Primaquine, the only widely available treatment to prevent relapsing Plasmodium vivax malaria, is produced as 15 mg tablets, and new paediatric formulations are being developed. To inform the optimal primaquine dosing regimen for children, we aimed to determine the efficacy and safety of different primaquine dose strategies in children younger than 15 years.

Methods

We undertook a systematic review (Jan 1, 2000–July 26, 2024) for P vivax efficacy studies with at least one treatment group that was administered primaquine over multiple days, that enrolled children younger than 15 years, that followed up patients for at least 28 days, and that had data available for inclusion by June 30, 2022. Patients were excluded if they were aged 15 years or older, presented with severe malaria, received adjunctive antimalarials within 14 days of diagnosis, commenced primaquine more than 7 days after starting schizontocidal treatment, had a protocol violation in the original study, or were missing data on age, sex, or primaquine dose. Available individual patient data were collated and standardised. To evaluate efficacy, the risk of recurrent P vivax parasitaemia between days 7 and 180 was assessed by time-to-event analysis for different total mg/kg primaquine doses (low total dose of ∼3·5 mg/kg and high total dose of ∼7 mg/kg). To evaluate tolerability and safety, the following were assessed by daily mg/kg primaquine dose (low daily dose of ∼0·25 mg/kg, intermediate daily dose of ∼0·5 mg/kg, and high daily dose of ∼1 mg/kg): gastrointestinal symptoms (vomiting, anorexia, or diarrhoea) on days 5–7, haemoglobin decrease of at least 25% to less than 7g/dL (severe haemolysis), absolute change in haemoglobin from day 0 to days 2–3 or days 5–7, and any serious adverse events within 28 days. This study is registered with PROSPERO, CRD42021278085.

Findings

In total, 3514 children from 27 studies and 15 countries were included. The cumulative incidence of recurrence by day 180 was 51·4% (95% CI 47·0–55·9) following treatment without primaquine, 16·0% (12·4–20·3) following a low total dose of primaquine, and 10·2% (8·4–12·3) following a high total dose of primaquine. The hazard of recurrent P vivax parasitaemia in children younger than 15 years was reduced following primaquine at low total doses (adjusted hazard ratio [HR] 0·17, 95% CI 0·11–0·25) and high total doses (0·09, 0·07–0·12), compared with no primaquine. In 525 children younger than 5 years, the relative rates of recurrence were also reduced, with an adjusted HR of 0·33 (95% CI 0·18–0·59) for a low total dose and 0·13 (0·08–0·21) for a high total dose of primaquine compared with no primaquine.
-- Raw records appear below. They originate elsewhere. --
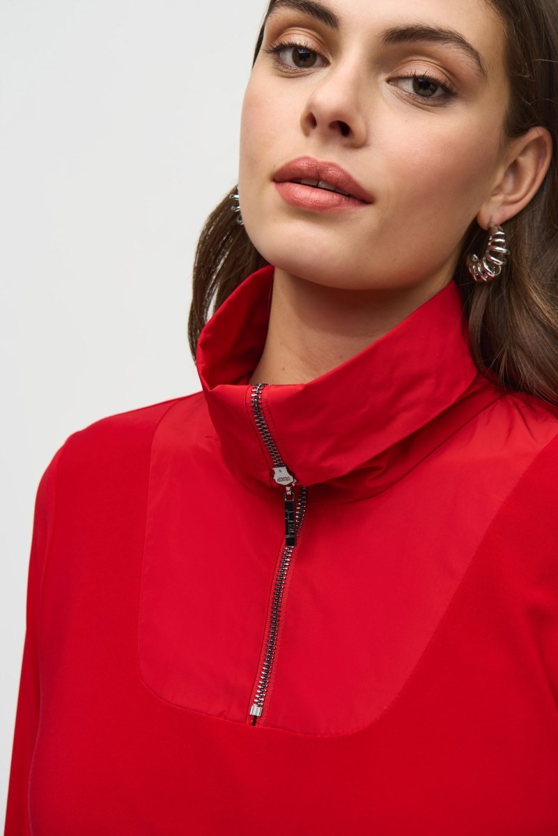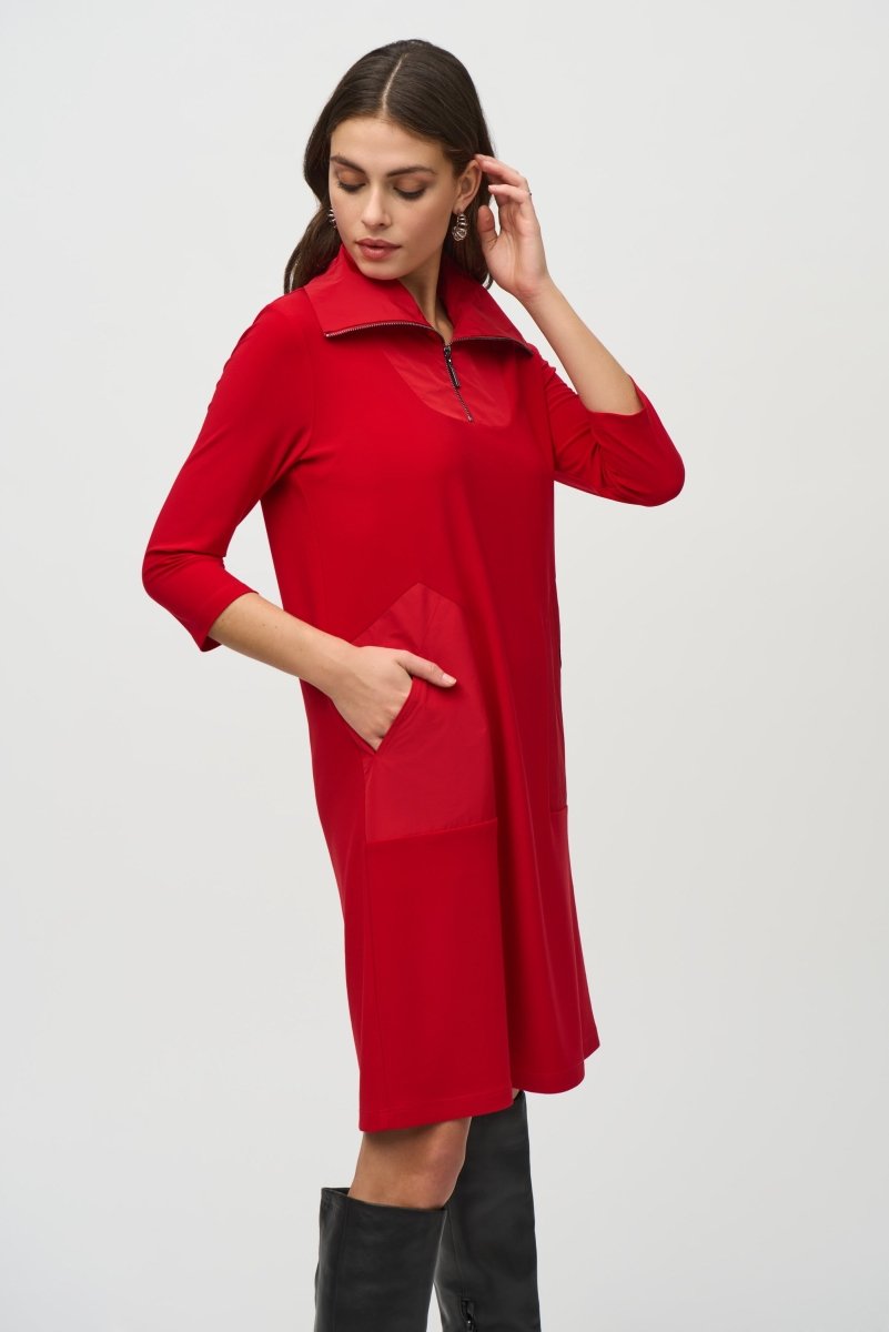 This silky knit dress exudes timeless elegance. Cut to a flattering straight silhouette, the piece features a chic stand-up collar adorned with a zip-up neckline, adding a touch of boldness to the design. The applied pockets at the front add a polished feel to this contemporary piece.
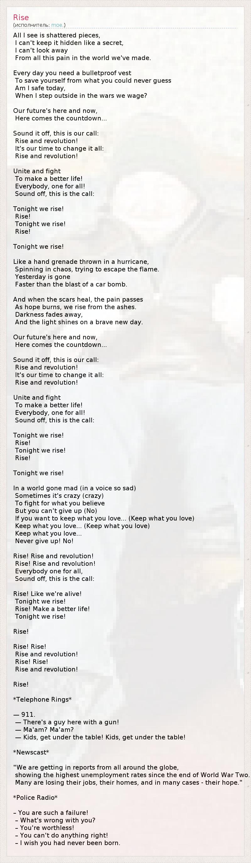Всё, что я вижу — осколки. Я не могу больше хранить тайну, Я не могу отвернуться От всей боли, что мы причиняем в мире. Каждый день тебе нужен бронежилет, Чтобы спастись от очередной неожиданности. "В безопасности ли я сегодня, Выходя на улицу, в войны, что мы ведём?" Наше будущее здесь и сейчас, Идёт обратный отсчёт... Выскажи всё, вот наш призыв: Восстание и революция! Настал наш час всё изменить: Восстание и революция! Объединитесь и сражайтесь За лучшую жизнь! Все как один, Выскажите всё, вот наш призыв: Сегодня мы восстаём! Восстань! Сегодня мы восстаём! Восстань! Сегодня мы восстаём! Как ручная граната, брошенная в ураган, Кручусь в хаосе, стараясь избежать пламени. "Вчера" прошло быстрее, Чем взрыв автомобильной бомбы. Когда же шрамы заживают, боль уходит, Надежда возгорается, мы восстаём из пепла, Тьма ослабевает, И свет сияет дивным новым днём. Наше будущее здесь и сейчас, Идёт обратный отсчёт... Выскажи всё, вот наш призыв: Восстание и революция! Настал наш час всё изменить: Восстание и революция! Объединись, сражайся! За лучшую жизнь! Все как один, Выскажите всё, вот наш призыв: Сегодня мы восстаём! Восстань! Сегодня мы восстаём! Восстань! Сегодня, мы восстаём! В съехавшем с катушек мире (с грустью в голосе) Иногда кажется безумным (безумным!) — Сражаться за то, во что веришь, Но ты не можешь сдаться (Нет!), Если хочешь сохранить то, что любишь... (сохранить то, что любишь), Сохранить то, что любишь... (сохранить то, что любишь), Сохранить то, что любишь... Никогда не сдавайся! Нет! Восстань! Восстание и революция! Восстань! Восстание и революция! Все как один, Выскажите всё, вот наш призыв: Восстань! Мы оживаем! Сегодня мы восстаём! Восстань! Сделай жизнь лучше! Сегодня мы восстаём! Восстань! Восстань, восстань! Восстание и революция! Восстань, восстань! Восстание и революция! Восстань! *Звонит телефон* — 911. — Тут парень с пистолетом! — Мэм? Мэм? — Дети, прячьтесь под стол! Дети, лезьте под стол! *Выпуск новостей* "Мы получаем сообщения со всего земного шара, свидетельствующие о высочайшем уровне безработицы с момента окончания Второй Мировой войны. Многие теряют работу, дома, и во многих случаях — надежду." *Полицейская рация* — Ты такой неудачник! — Что с тобой происходит? — Ты бесполезен! — Ты не можешь ничего сделать правильно! — Лучше бы ты не появлялся на свет!
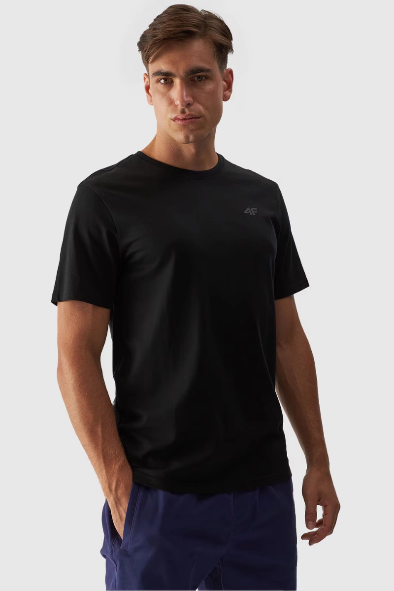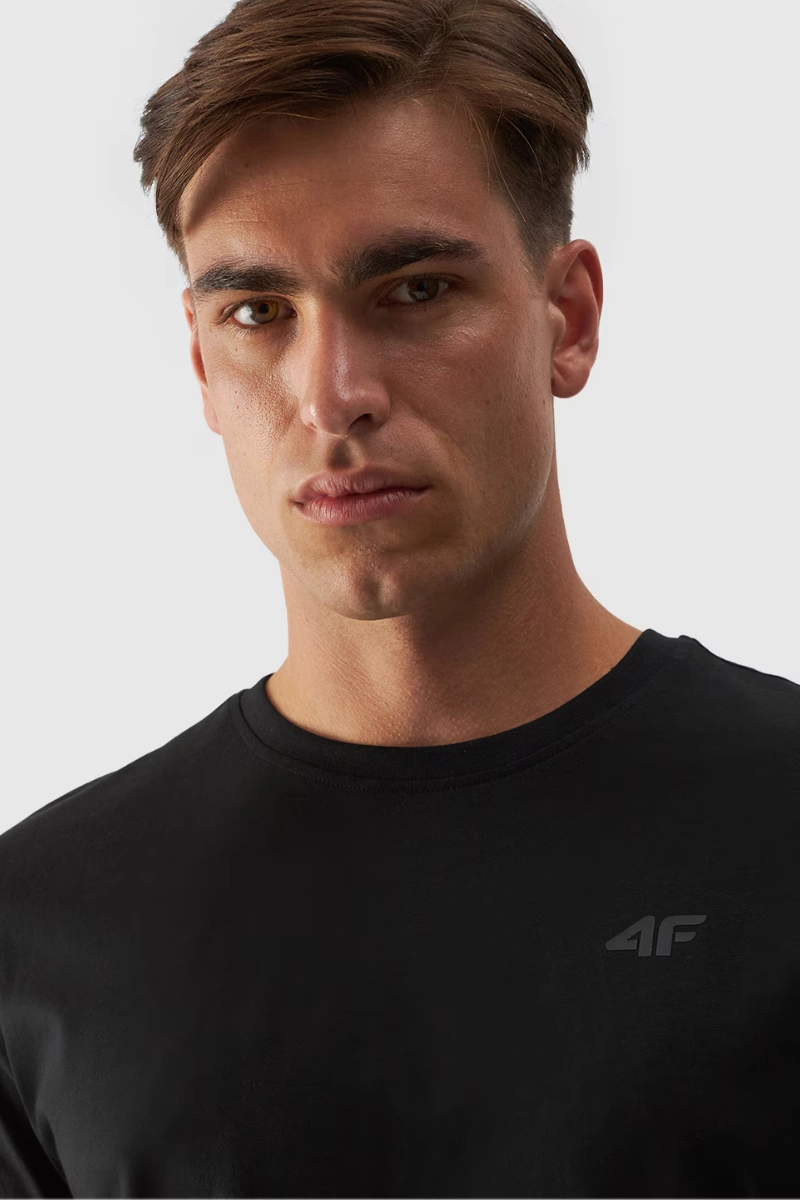 Koszulka Męska Gładka Z Logo Czarna 4F 4FWMM00TTSHM1843-20S

The rate of recurrence following a high total dose was reduced compared with a low dose in children younger than 15 years (adjusted HR 0·54, 95% CI 0·35–0·85) and children younger than 5 years (0·41, 0·21–0·78). Compared with no primaquine, children treated with any dose of primaquine had a greater risk of gastrointestinal symptoms on days 5–7 after adjustment for confounders, with adjusted risks of 3·9% (95% CI 0–8·6) in children not treated with primaquine, 9·2% (0–18·7) with a low daily dose of primaquine, 6·8% (1·7–12·0) with an intermediate daily dose of primaquine, and 9·6% (4·8–14·3) with a high daily dose of primaquine. In children with 30% or higher glucose-6-phosphate dehydrogenase (G6PD) activity, there were few episodes of severe haemolysis following no primaquine (0·4%, 95% CI 0·1–1·5), a low daily dose (0·0%, 0·0–1·6), an intermediate daily dose (0·5%, 0·1–1·4), or a high daily dose (0·7%, 0·2–1·9). Of 15 possibly drug-related serious adverse events in children, two occurred following a low, four following an intermediate, and nine following a high daily dose of primaquine.

Interpretation

A high total dose of primaquine was highly efficacious in reducing recurrent P vivax parasitaemia in children compared with a low dose, particularly in children younger than 5 years. In children treated with high and intermediate daily primaquine doses compared with low daily doses, there was no increase in gastrointestinal symptoms or haemolysis (in children with 30% or higher G6PD activity), but there were more serious adverse events.

Funding

Medicines for Malaria Venture, Bill & Melinda Gates Foundation, and Australian National Health and Medical Research Council.
治疗 15 岁以下儿童无并发症间日疟原虫疟疾的伯氨喹:系统综述和个体患者数据荟萃分析。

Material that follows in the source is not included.